[Opening Task input section]

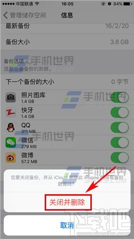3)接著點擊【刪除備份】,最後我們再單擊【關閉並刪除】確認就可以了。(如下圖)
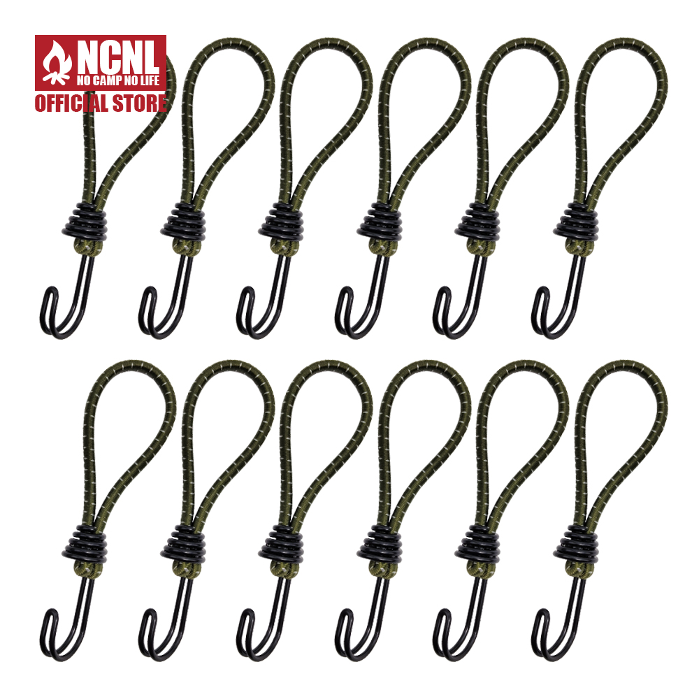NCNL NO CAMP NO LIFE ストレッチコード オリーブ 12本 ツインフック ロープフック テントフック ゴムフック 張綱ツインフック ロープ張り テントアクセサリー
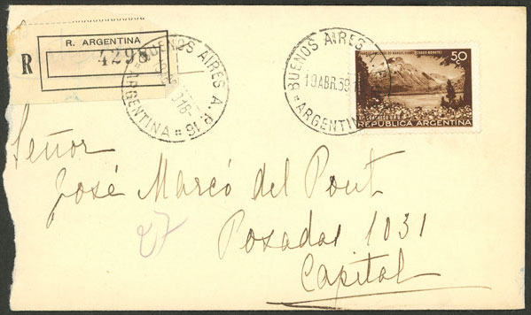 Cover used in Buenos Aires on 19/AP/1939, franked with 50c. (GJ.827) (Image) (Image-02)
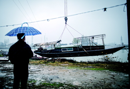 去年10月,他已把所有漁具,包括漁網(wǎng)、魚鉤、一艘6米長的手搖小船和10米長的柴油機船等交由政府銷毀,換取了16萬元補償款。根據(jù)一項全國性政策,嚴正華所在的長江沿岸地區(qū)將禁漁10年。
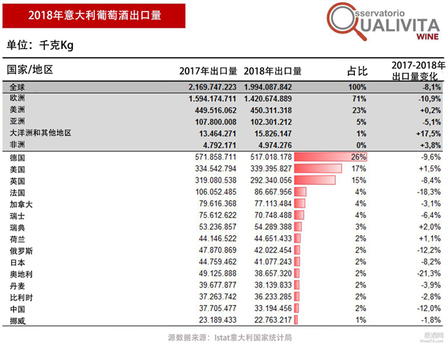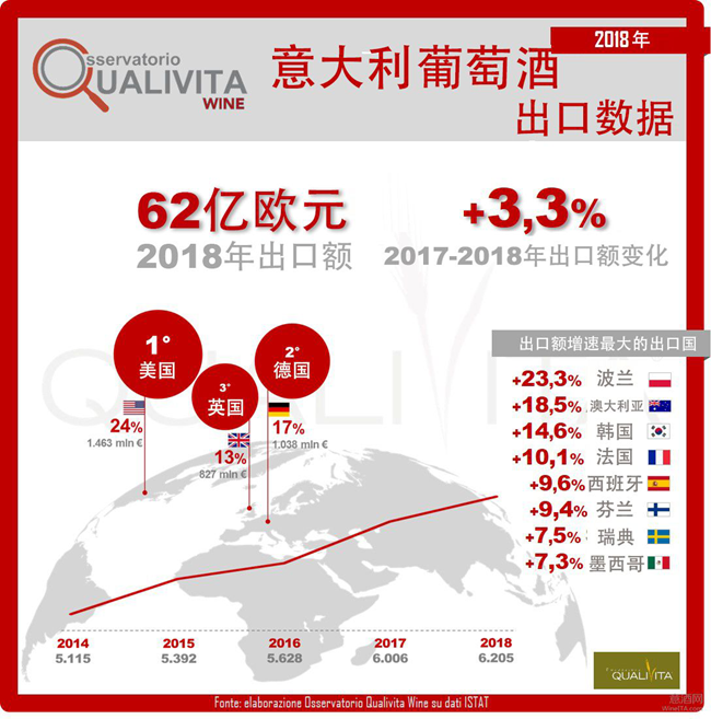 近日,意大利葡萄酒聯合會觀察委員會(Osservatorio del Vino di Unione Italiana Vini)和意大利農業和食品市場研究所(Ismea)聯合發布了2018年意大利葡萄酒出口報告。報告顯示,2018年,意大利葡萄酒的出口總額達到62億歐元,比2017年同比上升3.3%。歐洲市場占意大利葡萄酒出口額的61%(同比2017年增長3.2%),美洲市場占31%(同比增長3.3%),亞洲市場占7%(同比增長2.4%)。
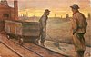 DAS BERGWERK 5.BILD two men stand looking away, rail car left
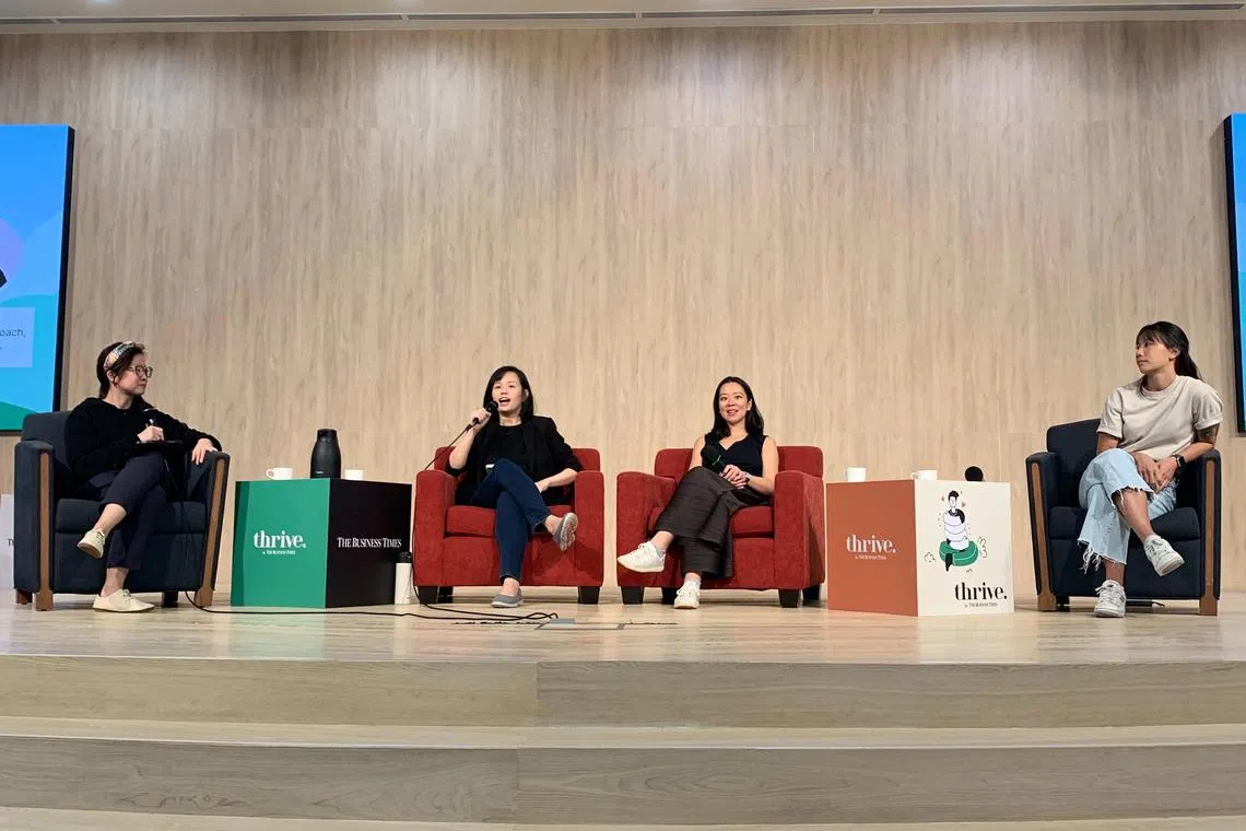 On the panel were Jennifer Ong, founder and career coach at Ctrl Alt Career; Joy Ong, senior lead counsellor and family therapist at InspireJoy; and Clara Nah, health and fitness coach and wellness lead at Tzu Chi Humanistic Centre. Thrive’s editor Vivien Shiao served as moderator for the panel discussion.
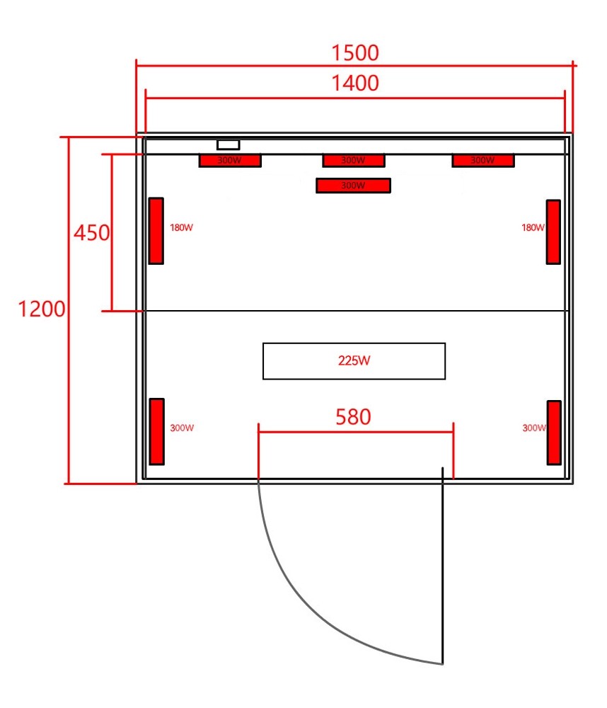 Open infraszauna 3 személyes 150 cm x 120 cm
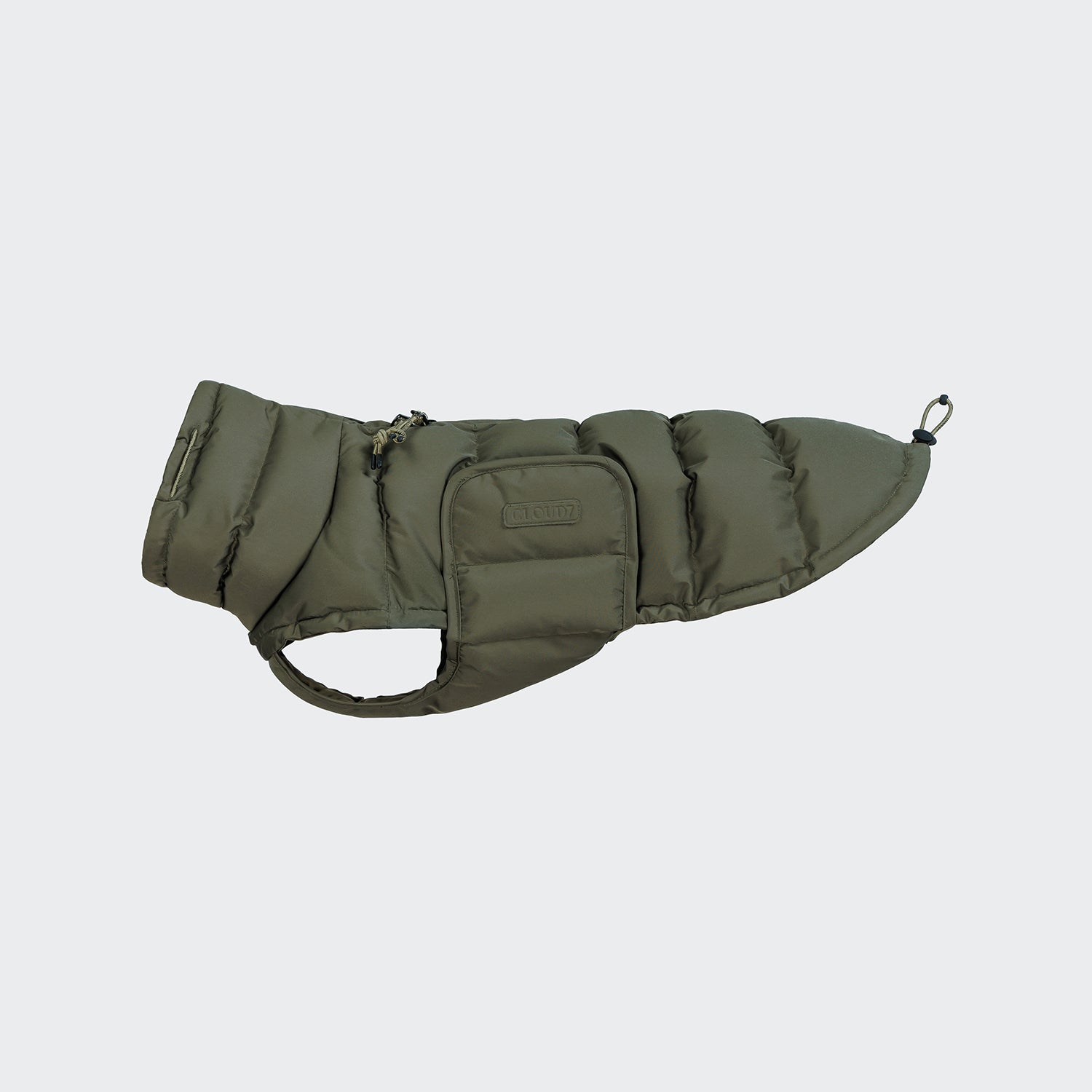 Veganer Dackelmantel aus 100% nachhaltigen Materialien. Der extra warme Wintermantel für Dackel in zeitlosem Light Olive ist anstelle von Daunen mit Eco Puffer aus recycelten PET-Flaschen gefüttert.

[Closing Task input section]
[Opening Task input section]

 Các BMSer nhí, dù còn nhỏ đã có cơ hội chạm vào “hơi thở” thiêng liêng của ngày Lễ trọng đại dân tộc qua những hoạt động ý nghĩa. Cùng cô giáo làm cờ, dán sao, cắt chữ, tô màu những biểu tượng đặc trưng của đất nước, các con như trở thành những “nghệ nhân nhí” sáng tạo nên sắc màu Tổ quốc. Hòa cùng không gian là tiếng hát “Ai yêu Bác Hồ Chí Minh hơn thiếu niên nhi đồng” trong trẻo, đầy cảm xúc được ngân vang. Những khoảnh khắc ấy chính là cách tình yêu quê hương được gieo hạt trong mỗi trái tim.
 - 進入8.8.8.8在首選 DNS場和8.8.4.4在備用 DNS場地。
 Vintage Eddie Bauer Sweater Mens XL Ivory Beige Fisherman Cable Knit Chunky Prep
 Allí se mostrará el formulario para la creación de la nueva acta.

[Closing Task input section]
[Opening Task input section]

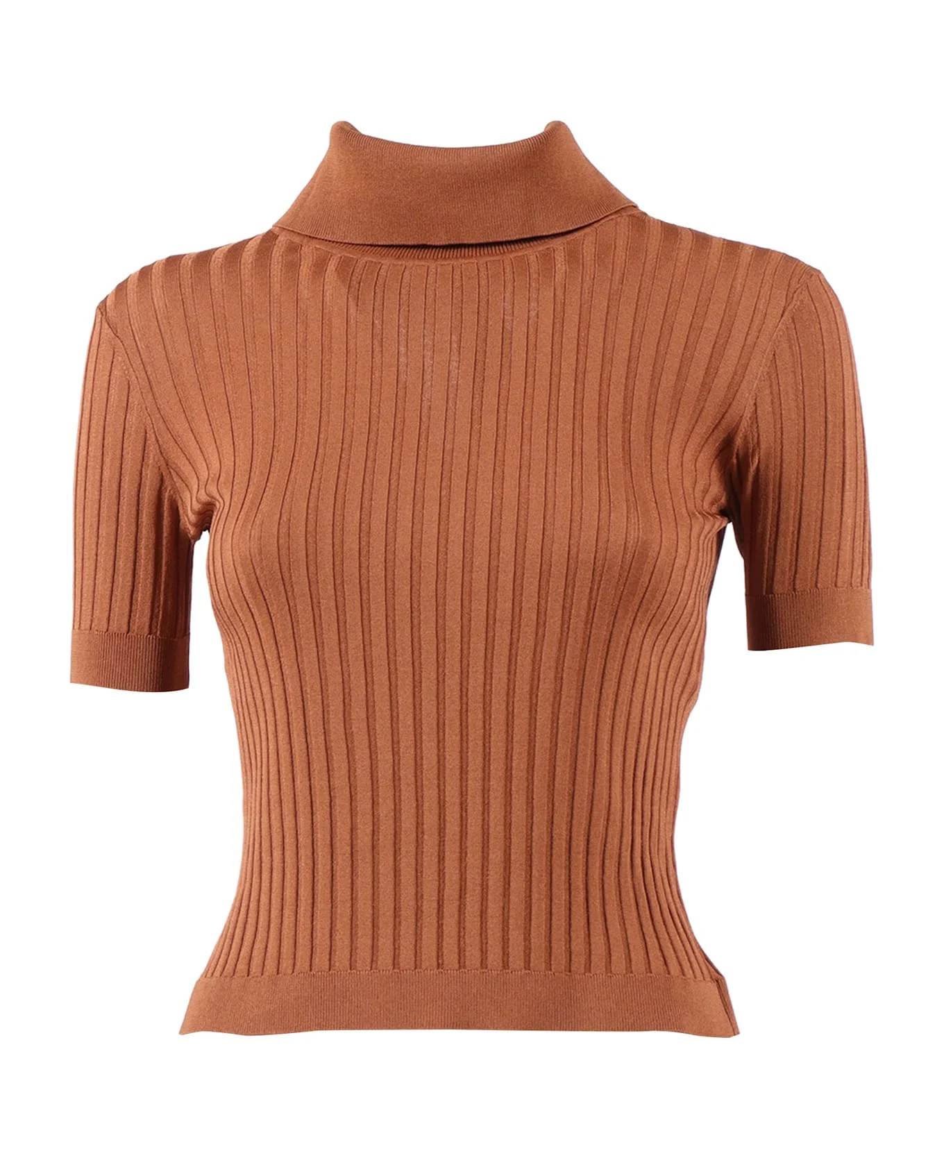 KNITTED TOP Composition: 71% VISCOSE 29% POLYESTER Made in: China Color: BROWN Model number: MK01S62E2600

[Closing Task input section]

What is expected: Within the entries above, the lines from the one containing "3)接著點擊【刪除備份】,最後我們再單擊【關閉並刪除】確認就可以了。(如下圖)" through the one containing "Veganer Dackelmantel aus" are to be transcribed exactly, ends included, pictures excluded.

Reply to the exercise:
3)接著點擊【刪除備份】,最後我們再單擊【關閉並刪除】確認就可以了。(如下圖)
NCNL NO CAMP NO LIFE ストレッチコード オリーブ 12本 ツインフック ロープフック テントフック ゴムフック 張綱ツインフック ロープ張り テントアクセサリー
 Cover used in Buenos Aires on 19/AP/1939, franked with 50c. (GJ.827) (Image) (Image-02)
 去年10月,他已把所有漁具,包括漁網(wǎng)、魚鉤、一艘6米長的手搖小船和10米長的柴油機船等交由政府銷毀,換取了16萬元補償款。根據(jù)一項全國性政策,嚴正華所在的長江沿岸地區(qū)將禁漁10年。
 近日,意大利葡萄酒聯合會觀察委員會(Osservatorio del Vino di Unione Italiana Vini)和意大利農業和食品市場研究所(Ismea)聯合發布了2018年意大利葡萄酒出口報告。報告顯示,2018年,意大利葡萄酒的出口總額達到62億歐元,比2017年同比上升3.3%。歐洲市場占意大利葡萄酒出口額的61%(同比2017年增長3.2%),美洲市場占31%(同比增長3.3%),亞洲市場占7%(同比增長2.4%)。
 DAS BERGWERK 5.BILD two men stand looking away, rail car left
 On the panel were Jennifer Ong, founder and career coach at Ctrl Alt Career; Joy Ong, senior lead counsellor and family therapist at InspireJoy; and Clara Nah, health and fitness coach and wellness lead at Tzu Chi Humanistic Centre. Thrive’s editor Vivien Shiao served as moderator for the panel discussion.
 Open infraszauna 3 személyes 150 cm x 120 cm
 Veganer Dackelmantel aus 100% nachhaltigen Materialien. Der extra warme Wintermantel für Dackel in zeitlosem Light Olive ist anstelle von Daunen mit Eco Puffer aus recycelten PET-Flaschen gefüttert.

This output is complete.